PHP's mbstring extension provides many very practical functions when dealing with multibyte strings. Among them, mb_get_info() and mb_detect_encoding() are often confused by novices. Although they are all related to multi-byte character encoding, they have completely different functions. Today we will carefully review their differences and their applicable scenarios.
mb_get_info() is a function used to obtain the configuration information of the current mbstring environment. It can tell you a lot of details about encoding settings, such as default internal encoding, HTTP input/output encoding, current language settings, and so on.
mb_get_info(string $type = null): array|string|false
<?php
// Get all configuration information
$info = mb_get_info();
print_r($info);
// Get the current internal code
$internalEncoding = mb_get_info("internal_encoding");
echo "The internal code is: " . $internalEncoding;
?>
The result of the run might be like this (partial):
Array
(
[internal_encoding] => UTF-8
[http_output] => UTF-8
[http_input] => pass
[language] => neutral
...
)
If you are only interested in a certain item, such as wanting to confirm whether the current default encoding is UTF-8, this function is very convenient.
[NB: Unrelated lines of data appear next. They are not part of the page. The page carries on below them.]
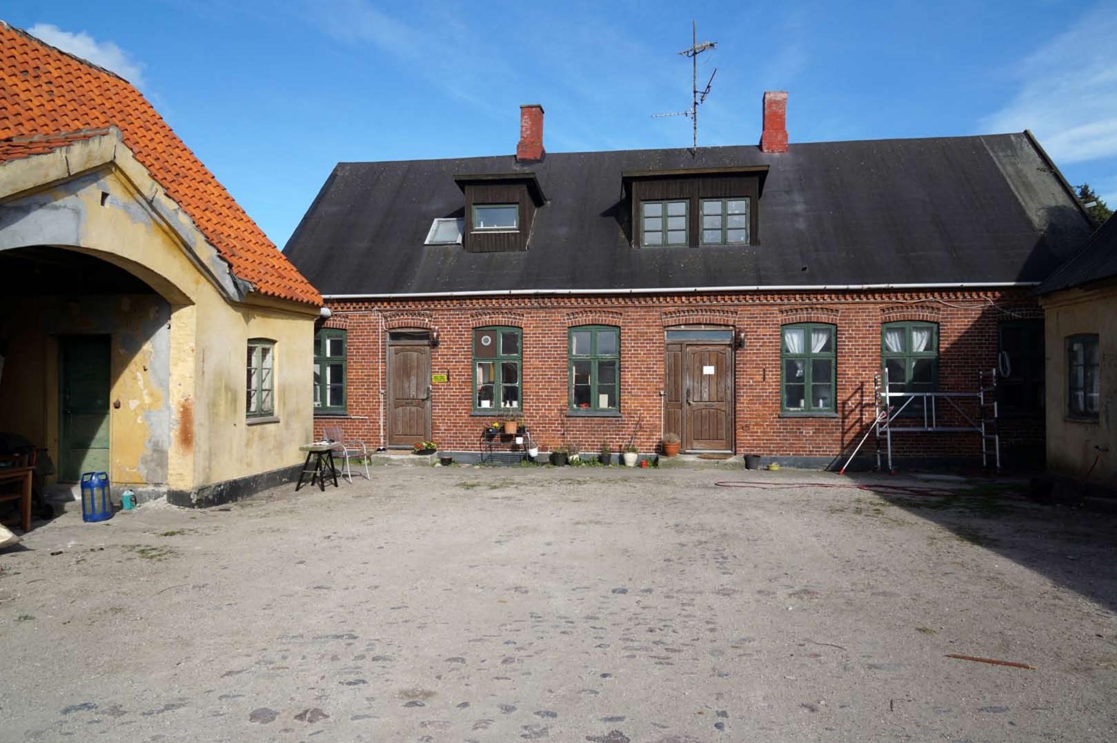
Inger Hansens Minde, Oliefabriksvej 2, 2770 Kastrup
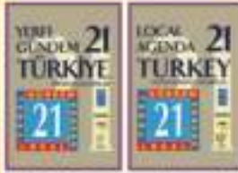
YG-21 Türkiye: Örnek Uygulamalar

2002 yılında düzenlenen BM Johannesburg Zirvesi'ne sunulan Türkiye Ulusal Raporu'nun altı ana temasından biri olan "Sürdürülebilir Kalkınma ve Yönetişim" başlıklı rapor, UCLG-MEWA'nın (önceki adıyla, IULA-EMME'nin) koordinasyonunda hazırlanmıştır. Türkiye'deki yönetim uygulamalarının son on yıllık döneminin değerlendirdiği Rapor'da, katılım, şeffaflık, hesap sorma, yerindenlik, uyumluluk ve etkinlik gibi "iyi yönetim" in temel ölçütleri ele alınmaktadır. Rapor, Türkiye'de bu konuda katılımcı yöntemlerle hazırlanmış ilk metin olmasının yanısıra, içerik bakımından da zengin bir başvuru kaynağı oluşturmaktadır.
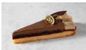
Tarte Earl Grey Chocolat タルトアールグレイ ショコラ
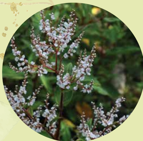
Himalaju sūrene Koenigia polystachya
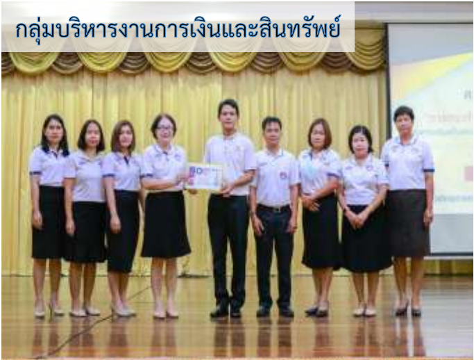
กลุ่มบริหารงานการเงินและสินทรัพย์
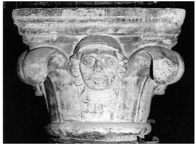
Palazzo Ziani, particolare del capitello Surian.
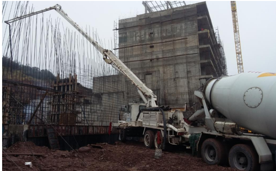
Fig. 6: Bomba telescópica

Como la cantidad de elementos a hormigonar era tan grande, se pedía hormigón elaborado junto con una bomba telescópica para acelerar los tiempos y facilitar el trabajo. Cada semana se vertían más de 50m 3 de hormigón entre tabiques, vigas y losas. Se hacía en cada caso un cómputo de los elementos encofrados hasta ese momento para encargar hormigón a la planta hormigonera.
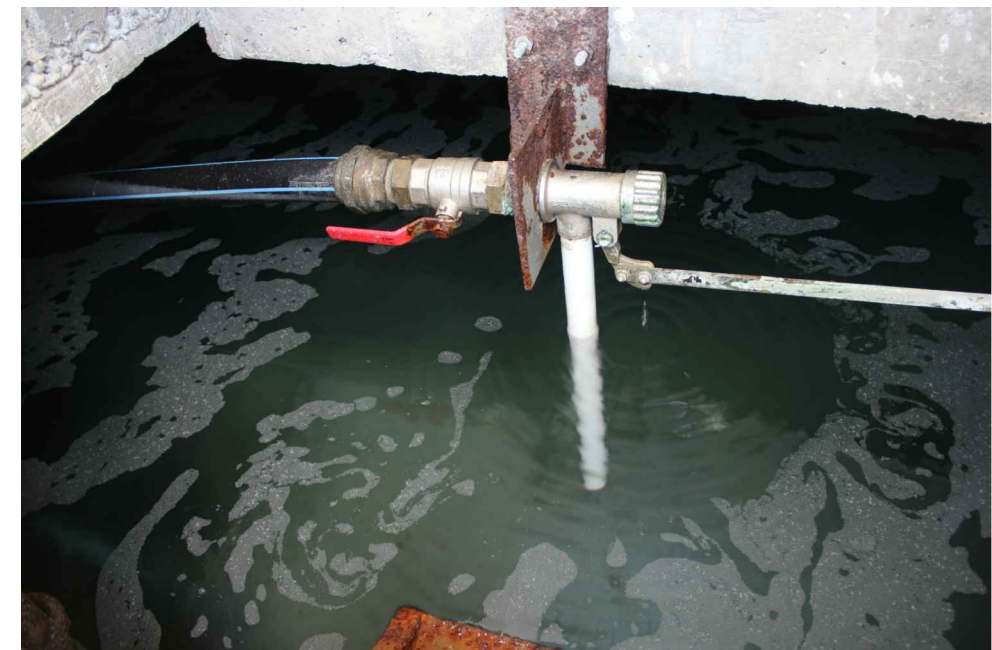
Arrivée gravitaire de la réserve de la station de pompage des Allards
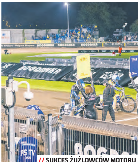
// SUKCES ŻUŻLOWCÓW MOTORU
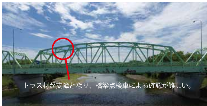
トラス材が支障となり、橋梁点検車による確認が難しい。

橋梁近接目視方法として、最もポピュラーなのが橋梁点検車を用いた目視点検です。しかしながら、現地制約上橋梁点検車を用いることができない現場に遭遇することもあります。解決策として、ロープアクセスによる目視確認等が考えられますが、特殊な技術を必要とすることから、なかなか採用は難しい場面もあります。当社ではUAV測量を実施しており、この技術を橋梁調査に有効活用しています。UAVによる高画質写真により損傷状況を確認する等技術の横断的活用に取り組んでいます。
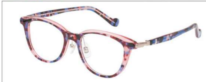
No.3 ブルーブロック×クリアピンク
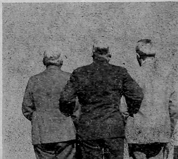
De tre „Fyre“ som skrev Historien.

Vi har Fornøjelsen at vise Billedet af dem og vi ved det ligner dem alle tre.
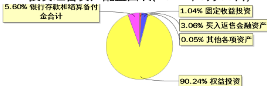
投资组合资产配置图表(2022年9月30日)

● 固定收益投资 ● 买入返售金融资产 ● 其他各项资产 ● 权益投资 ● 银行存款和结算备付金合计
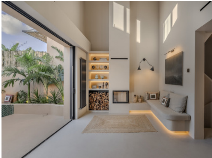
Wohnbereich mit angrenzender Terrasse
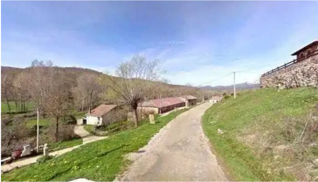
Iglesia de san pedro ad vinculam ubicacion
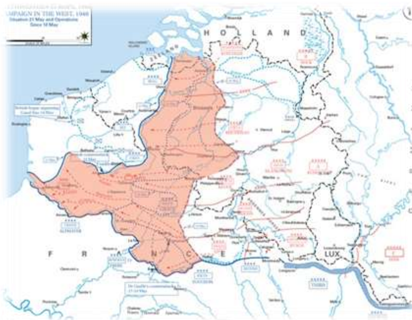
Duitse opmars van 16 mei tot 21 mei 1940
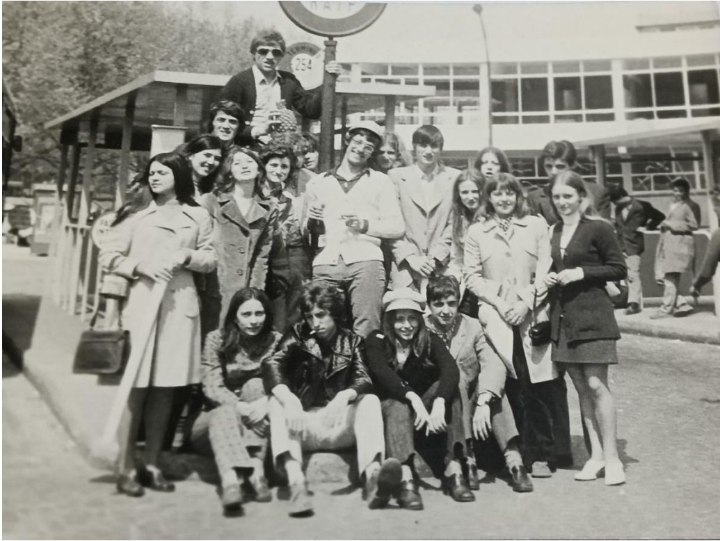
Parigi, gita scolastica, 1971
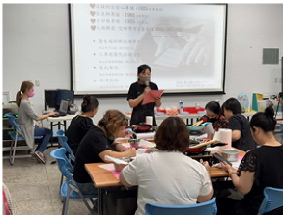
『新』光烘焙趣 活動計畫(第 3 場)～ 自傷防治宣導
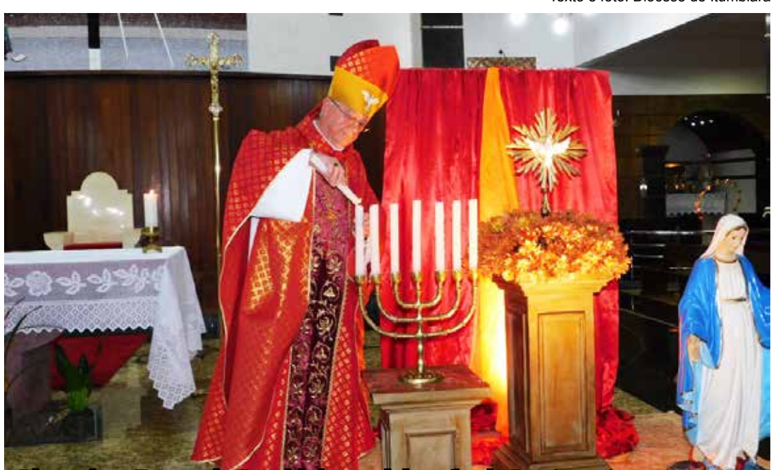
Bispo dom Fernando Brochini na celebração de Pentecostes
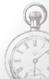
График работы: пн – пт: 08:00 – 19:00 без обеда Выходные: суббота, воскресенье

Запись по телефону: +375 (152) 48-13-84 Адрес: ул. Гаспадарчая, 23 (учебный корпус факультета экономики и управления)
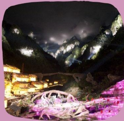
โซ่วจิ้งจอกขาว

mb_detect_encoding() is another way, which is used to guess the encoding of a string . This is a very useful tool when you receive a string from an unknown source, such as a file uploaded by a user, form data, or web content caught by a crawler.
mb_detect_encoding(string $string, array|string|null $encodings = null, bool $strict = false): string|false
<?php
// Suppose you crawl a web page
$content = file_get_contents("https://gitbox.net/page.html");
// Try to detect its encoding
$encoding = mb_detect_encoding($content, ["UTF-8", "GBK", "ISO-8859-1"]);
echo "The detected encoding is: " . $encoding;
?>
You can also enable strict mode to match encodings more strictly:
$encoding = mb_detect_encoding($content, ["UTF-8", "GBK"], true);
Functional Points | mb_get_info() | mb_detect_encoding() |
---|---|---|
effect | Get the encoding environment configuration | Detect the actual encoding of the string |
parameter | Optional parameters determine the return content | You need to pass in a string, and you can choose the encoding list. |
Return type | Array or string | String or false |
Application scenarios | Check encoding settings, debugging | Determine unknown encoded strings |
Relationship with input content | No need to enter content | String content must be provided |
A more straightforward analogy is:
mb_get_info() : Ask PHP how did you set it now?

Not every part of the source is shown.